Requirement>
A faithful copy of every entry is the goal; keep the images out of it.

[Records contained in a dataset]
******
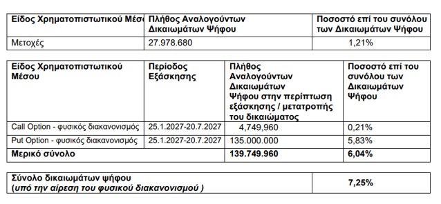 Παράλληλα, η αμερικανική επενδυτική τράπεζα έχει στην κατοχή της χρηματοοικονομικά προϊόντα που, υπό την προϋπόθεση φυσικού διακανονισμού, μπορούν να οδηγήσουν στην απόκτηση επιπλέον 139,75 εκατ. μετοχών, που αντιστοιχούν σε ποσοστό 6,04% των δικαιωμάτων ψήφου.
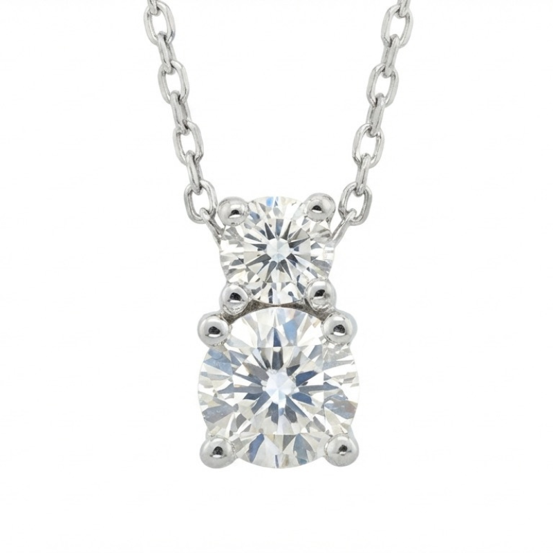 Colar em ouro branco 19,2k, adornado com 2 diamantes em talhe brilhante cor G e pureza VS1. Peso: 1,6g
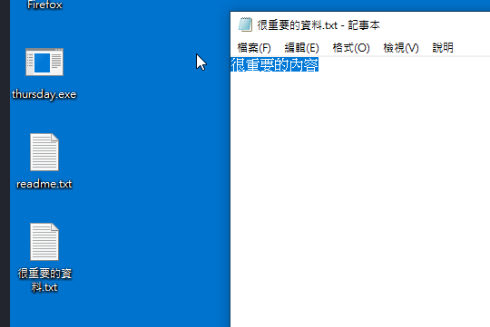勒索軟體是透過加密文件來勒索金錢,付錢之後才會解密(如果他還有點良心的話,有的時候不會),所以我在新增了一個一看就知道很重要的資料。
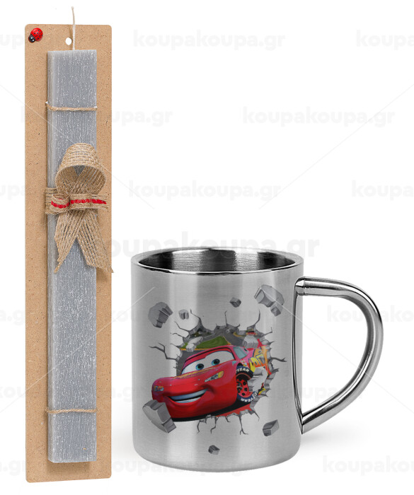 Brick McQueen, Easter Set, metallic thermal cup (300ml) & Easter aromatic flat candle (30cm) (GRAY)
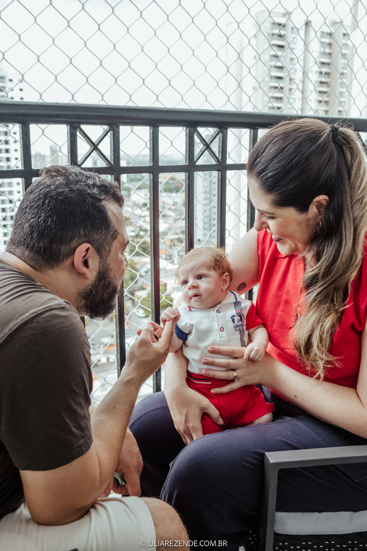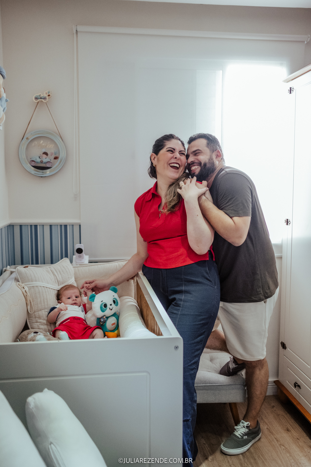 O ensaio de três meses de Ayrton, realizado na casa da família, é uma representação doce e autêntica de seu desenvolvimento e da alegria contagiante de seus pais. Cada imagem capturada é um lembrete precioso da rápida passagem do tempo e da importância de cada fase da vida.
******
Solution to the problem>
 Παράλληλα, η αμερικανική επενδυτική τράπεζα έχει στην κατοχή της χρηματοοικονομικά προϊόντα που, υπό την προϋπόθεση φυσικού διακανονισμού, μπορούν να οδηγήσουν στην απόκτηση επιπλέον 139,75 εκατ. μετοχών, που αντιστοιχούν σε ποσοστό 6,04% των δικαιωμάτων ψήφου.
 Colar em ouro branco 19,2k, adornado com 2 diamantes em talhe brilhante cor G e pureza VS1. Peso: 1,6g
勒索軟體是透過加密文件來勒索金錢,付錢之後才會解密(如果他還有點良心的話,有的時候不會),所以我在新增了一個一看就知道很重要的資料。
 Brick McQueen, Easter Set, metallic thermal cup (300ml) & Easter aromatic flat candle (30cm) (GRAY)
 O ensaio de três meses de Ayrton, realizado na casa da família, é uma representação doce e autêntica de seu desenvolvimento e da alegria contagiante de seus pais. Cada imagem capturada é um lembrete precioso da rápida passagem do tempo e da importância de cada fase da vida.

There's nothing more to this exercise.